PBS Nova Labs has recently announced their Exoplanet Lab which will send interested learners on over to explore simulations of the same kinds of worlds they’ve just learned to detect!

All the excitement around the Perseverance Rover landing inspired us to create a Minecraft simulation of Mars that’s as close to the real thing as we can get! Learn more about our modeling and development process in Rendering the Red Planet in Minecraft.

July 2020 – We returned for the third straight year to the Urbana Neighborhood Connections Center (UNCC), but this time we did so virtually. Despite our team being remote, we had two exciting weeks exploring hypothetical versions of Earth and Exoplanets in Minecraft. We also recorded a record number of unique in-game observations by a single camper at 96 in one week.
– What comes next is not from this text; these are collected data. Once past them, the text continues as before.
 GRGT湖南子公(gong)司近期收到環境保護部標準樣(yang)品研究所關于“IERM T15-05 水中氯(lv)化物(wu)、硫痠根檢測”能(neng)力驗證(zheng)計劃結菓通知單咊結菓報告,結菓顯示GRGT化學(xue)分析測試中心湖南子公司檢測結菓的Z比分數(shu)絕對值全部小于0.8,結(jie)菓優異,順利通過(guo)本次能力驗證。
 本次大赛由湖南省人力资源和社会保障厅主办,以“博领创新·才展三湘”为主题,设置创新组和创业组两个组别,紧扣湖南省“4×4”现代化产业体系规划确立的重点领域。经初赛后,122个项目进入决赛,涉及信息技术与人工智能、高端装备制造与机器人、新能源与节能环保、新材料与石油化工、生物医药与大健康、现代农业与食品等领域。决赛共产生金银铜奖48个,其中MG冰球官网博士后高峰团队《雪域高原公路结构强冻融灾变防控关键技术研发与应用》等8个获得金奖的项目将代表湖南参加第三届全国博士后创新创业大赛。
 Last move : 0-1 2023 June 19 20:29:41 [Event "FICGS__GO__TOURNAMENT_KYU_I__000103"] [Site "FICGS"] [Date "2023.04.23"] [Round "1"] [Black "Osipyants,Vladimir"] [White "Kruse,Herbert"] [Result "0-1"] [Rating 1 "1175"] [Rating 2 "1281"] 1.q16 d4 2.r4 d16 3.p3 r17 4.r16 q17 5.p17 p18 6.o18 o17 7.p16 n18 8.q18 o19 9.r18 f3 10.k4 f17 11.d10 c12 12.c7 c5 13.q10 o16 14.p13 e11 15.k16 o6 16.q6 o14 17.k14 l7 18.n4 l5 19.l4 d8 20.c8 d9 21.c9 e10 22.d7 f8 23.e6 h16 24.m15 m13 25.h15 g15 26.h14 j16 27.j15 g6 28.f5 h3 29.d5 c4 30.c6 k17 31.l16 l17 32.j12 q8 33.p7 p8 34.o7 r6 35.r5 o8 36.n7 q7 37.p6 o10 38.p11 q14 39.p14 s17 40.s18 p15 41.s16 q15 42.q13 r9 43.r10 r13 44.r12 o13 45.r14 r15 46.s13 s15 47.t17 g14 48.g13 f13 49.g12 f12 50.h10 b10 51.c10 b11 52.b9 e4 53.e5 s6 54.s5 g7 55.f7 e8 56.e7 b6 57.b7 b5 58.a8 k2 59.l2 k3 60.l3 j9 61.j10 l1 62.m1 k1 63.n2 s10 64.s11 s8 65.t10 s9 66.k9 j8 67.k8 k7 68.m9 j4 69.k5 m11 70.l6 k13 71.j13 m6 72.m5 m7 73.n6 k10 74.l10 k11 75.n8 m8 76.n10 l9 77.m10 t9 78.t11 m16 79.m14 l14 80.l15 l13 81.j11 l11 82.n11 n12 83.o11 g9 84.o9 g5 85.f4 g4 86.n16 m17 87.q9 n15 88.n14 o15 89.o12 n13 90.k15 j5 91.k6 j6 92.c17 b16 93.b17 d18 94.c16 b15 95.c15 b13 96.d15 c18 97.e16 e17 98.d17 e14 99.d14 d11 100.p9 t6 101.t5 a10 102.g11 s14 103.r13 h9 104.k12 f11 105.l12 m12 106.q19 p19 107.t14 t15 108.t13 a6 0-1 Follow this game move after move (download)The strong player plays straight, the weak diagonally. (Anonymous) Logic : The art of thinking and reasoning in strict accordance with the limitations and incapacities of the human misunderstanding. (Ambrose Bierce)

We will see if that number can be topped next year!

February 2020 – We presented our work and led a week-long professional development workshop series with Ateneo University in the Philippines.  Topics covered included the use of Minecraft for informal learning in STEM, introductory programming with ComputerCraft, computational thinking applications in curriculum design, and 3D printing. Over 150 people came to our opening talk, we guest starred on a podcast and worked with over 15 representatives from schools, the Department of Education, and one non-government organization. Read more about it here. Many thanks to Didith Rodrigo and her many collaborators!
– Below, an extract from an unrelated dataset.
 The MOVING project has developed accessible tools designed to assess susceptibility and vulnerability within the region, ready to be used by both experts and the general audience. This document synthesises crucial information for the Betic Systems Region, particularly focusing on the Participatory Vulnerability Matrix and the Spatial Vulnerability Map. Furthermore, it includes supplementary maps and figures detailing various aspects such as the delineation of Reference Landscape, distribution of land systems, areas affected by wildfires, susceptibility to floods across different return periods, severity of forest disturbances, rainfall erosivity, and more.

Sep 2019 – New articles on our work from the University of Illinois News Bureau and Associated Press. Fox Champaign visited campus to interview us last week, so we’ll be posting a link to that video in coming weeks!

Aug 2019 – We are very excited to share the news that our follow-on proposal has been funded by the National Science Foundation! Our new grant will allow us to create new STEM interest-triggering resources, tools for exoplanet exploration and creation, new online learning activities (in collaboration with PBS NOVA), and corresponding planetarium shows (in Boulder, CO). See the NSF summary for more information.

July 2019 – We returned to the Urbana Neighborhood Connections Center for another exciting two weeks of What-if and Exoplanet exploration in Minecraft!

Apr 2019 – We are running a camp at the Next Generation School. What an entrance!

Mar 2019 – Catch us in June at the Foundations of Digital Games conference discussing our findings from our work with the Urbana Neighborhood Connections Center and FabLab.

Feb 2019 – Check out Dr. Lane & Dr. Comins at AISL!

Jan 2019 – Look out for our talk at ISTE this June. Learn more about our project and ways to implement games like Minecraft into your own classroom.

June 2018 – It was great working with enthusiastic campers and staff at Urbana Neighborhood Neighborhood Center and FabLab. Now to dive into data…

May 2018 – Our 2018 NSF STEM for All Video Showcase entry received a faciltators’ Choice Award!